13h30 arrive et je vois que les bus ne démarrent pas. C’est bien entendu parce qu’ils partent à 14h30. Sachant que la navette pour l’aéroport est à 14h45, je commence donc à paniquer puis décide de prendre un taxi. Et coup de bol, c’est la parade pour Colombus Day qui bloque toute une avenue et donc pas mal de circulation. J’arrive tout de même à l’heure à l’hôtel après un poil de marche. Un final compliqué pour un séjour qui aura été énergisant (je n’ai commencé à fléchir chaque jour qu’à partir de 18 heures et en n’ayant pas dormi des masses) et euphorisant.

L’année prochaine, il faudra que je pense :
- à prendre moins de comics à faire signer
- à visiter plus conscieusement la partie Small Press
- à prendre le temps de faire plus de photos

Mon anniv’ tombe le 15, ça serait dommage de louper ça ...

Bonus : le NYCC le samedi, ça donne ça :

Messages

  • Merci pour ce reportage très intéressant qui donne à la fois envie et qui fait reculer un peu aussi ! (pinaise, ça peut être le parcours du combattant).

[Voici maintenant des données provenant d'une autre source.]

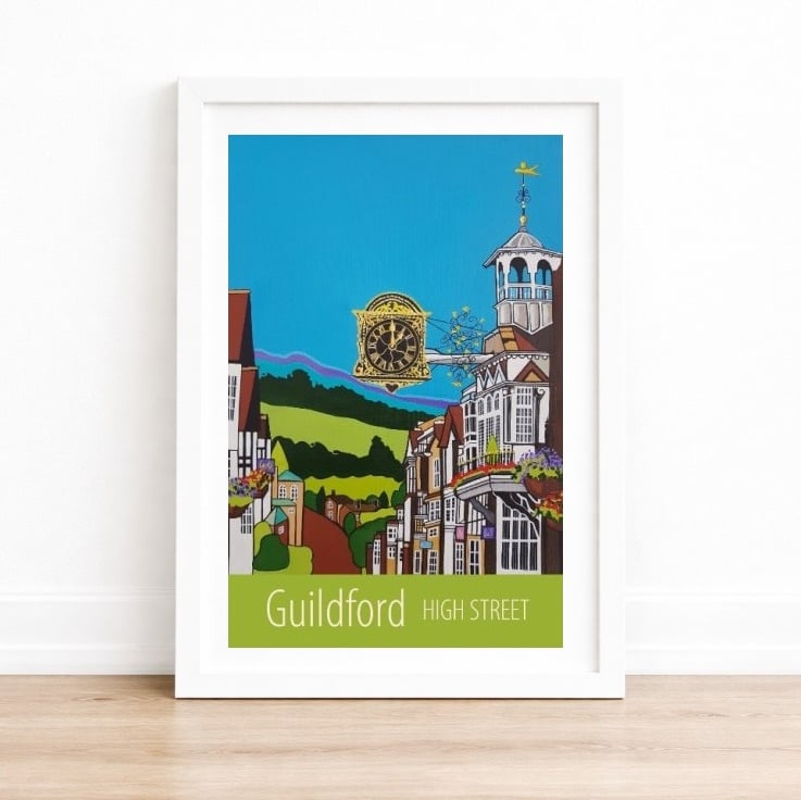 A lovely travel poster print of the view from the top of Guildford High Street, available at A3 or A2, from my own original acrylic painting. A perfect gift for those who love Guildford!

    Sinon, peux-tu éclaircir un petit peu cette partie : "J’étais parti en me disant que je ne devais pas avoir d’idées préconçues sur le fait que les enseignants européens étaient plus avancés en matière de BD à l’école mais c’est pourtant l’effet que cela m’a fait."

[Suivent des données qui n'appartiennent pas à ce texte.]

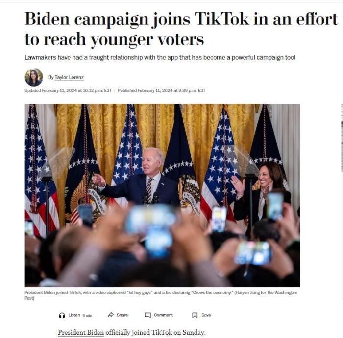 美國《華盛頓郵報(bào)》分析稱,拜登團(tuán)隊(duì)正在努力采取措施來試圖與年輕人建立聯(lián)系。比如,其在TikTok上的頭像是一張眼睛放射激光的照片。對(duì)此,Z世代內(nèi)容創(chuàng)作者亞倫·帕納斯指出:“全國各地的年輕人一直在等待這一刻。”

    J’avoue ne pas comprendre : tu trouves qu’on parle beaucoup de BD dans l’enseignement européen ?

    Voir en ligne : http://www.france-comics.com/

    • Oui, c’est un peu ca. J’ai essaye fort fort fort d’aller a la conference en me disant que j’allais y apprendre quelque chose et puis finalement, vu ce qui a ete dit et montre, j’ai realise que le comic book est nettement moins integre dans l’ecole americaine que chez nous. je ne dis pas que les enseignants europeens sont tous des pros qui integrent la BD dans leur cours mais je trouve globalement qu’il y a plus de personnes engagees dans cette voie en Europe que par rapport a ce que j’ai vu a la conference.

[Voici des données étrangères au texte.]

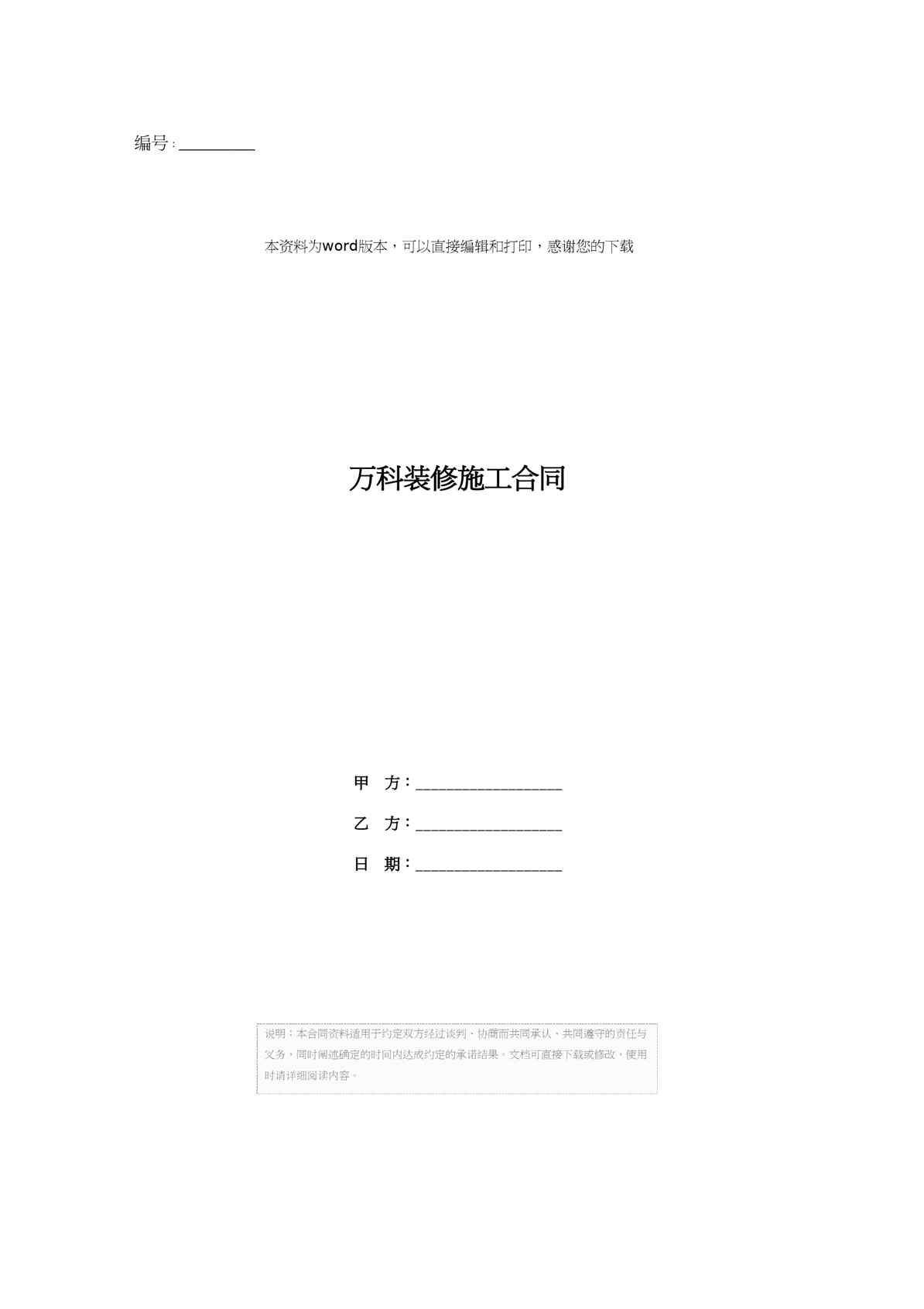 本站正式发布了《万科装修施工合同》文档,文档详细内容可下载阅读。 声明:本站所有文章,如无特殊说明或标注,均为本站原创发布。任何个人或组织,在未征得本站同意时,禁止复制、盗用、采集、发布本站内容到任何网站、书籍等各类媒体平台。如若本站内容侵犯了原著者的合法权益,可联系我们进行处理。

      D’un autre cote, peut-etre que le public americain assistant a la conference etait plus cale que les conferenciers et est reste poliment silencieux ...

    • ça m’étonnerait fort concernant le public US !
      Sinon, oui, je confirme, la bd ne fait pas vraiment partie du cursus par les enseignants. A part si c’est ta voie à l’université.

      C’est très spécialisé dans l’ensemble des niveaux là-bas. Quand j’étais à l’université, j’ai refait quasi tout le lycée ! En plus de ton domaine que tu choisis, ils te font passer une aire générale obligatoire aussi grosse si ce n’est plus que ton domaine de prédilection !
      Celle-ci est composée de 4 sections couvrant l’ensemble des domaines pour que tu sois préparé dans la vie et que tu ne connaisses pas que de la chimie par exemple si c’est ton diplome.

      Tu fais donc de l’écriture, de la lecture, des langues étrangères etc...en section 1, une grosse partie science en section 2 avec physique, chimie, biologie, math, astronomie, etc..
      Des sciences sociales en section 3 avec de l’économie, histoire, géographie et tout le tintouin, et en section 4, c’est tout ce qui est art, musique, ...

      Tout ce qu’on fait au lycée en France, même si c’est du niveau université aux US !
      Ce qui est marrant aussi, c’est que au collège (middle school aux US, "college" étant un autre nom pour Université là-bas), ça fonctionne façon lycée à la francaise avec l’ensemble de ces differentes matières et un emploi du temps sur toute la semaine.

      Voila, voila pour quelques éclaircissements d’après ce que j’en sais.